Of Clippings and Travel

I'm a clipper.

It started with my mom. She's a clipper, too. I'm forever getting envelopes in the mail filled with newspaper stories or magazine text she thinks I would find of interest.

The other week, for example, she mailed me an obituary for a dog that she spotted in her local paper.

Before that, she mailed me a slim little column about a workshop being offered in her area on "How to Communicate with your Dog." (note reoccurring dog theme)

I inherited this clipping gene. It's a trait that has only been made worse by my work as a freelance writer.

In part, my ability to make money from writing depends on my ability to narrow in on interesting little tidbits that I think I could turn into larger stories and sell.

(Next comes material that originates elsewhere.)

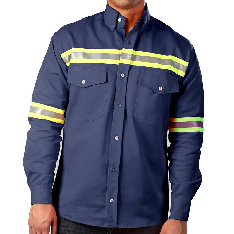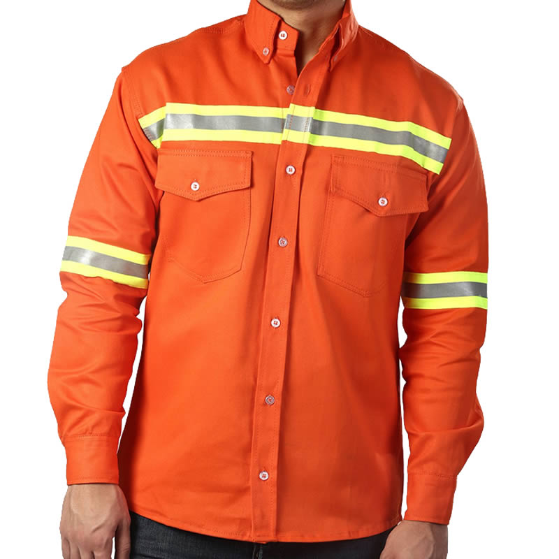 Camisa Algodon con reflectivo 240 gr/m2 Talles Azul: S, M, L, XL, 2XL, 3XL Talles Naranja: M, L, XL, 2XL

I am forever tearing chunks of text out of every publication that comes my way. The clippings pile up and turn into mounds that irritate my hubby who finds it taxing to live amongst my "papers," which I am physically unable to contain to just one room of the house.

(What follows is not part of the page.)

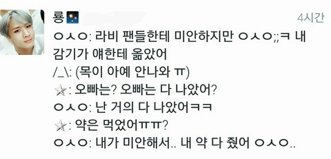 감기 옮겨서 약 다줬대ㅋㅋㅋ큐ㅠ진짜 정택운ㅋㅋ넘귀엽(주먹울음

My travel lust has only exasperated the situation as I rip out stories on places I think I'd like to go. I have a file drawer full of articles, essays, restaurant recommendations, off-the-beaten path finds and other odds and ends about places here and places there.

Luckily, I've got a couple of good girlfriends who are also chronic clippers.

Even better, they are friends that share my wanderlust. This means that most of the clippings they send me are about far-off locals to which we've usually traveled together. I return the favor. In this way, our trips and memories of distant places stay alive.

My most recent clippings-for-friends have both involved Guatemala, a country to which I traveled years ago. These two are bound for my travel buddy Michelle.

The first is about an overcrowded Guatemalan bus (chicken bus no doubt) that went off the road, rolled down a mountain side and killed many.

The second is about four travelers kidnapped by farmers in the Rio Dulce area.

Michelle and I rode those overcrowded Guatemala chicken busses. We stared out over the edges of steep, thin roads praying praying praying the driver kept us all on the blacktop.

And we boated it through Rio Dulce, too.

I re-read these clippings now and I think, "Were we stupid? Insane? Reckless? We were just dumb lucky? How did we ever make it out of Guatemala alive?"

It's a good thing these clippings aren't headed to my mom. I'd never get out of the country again.

Photo: That would be Michelle in the back of a pick up truck with a Guatemalan chicken bus coming up behind.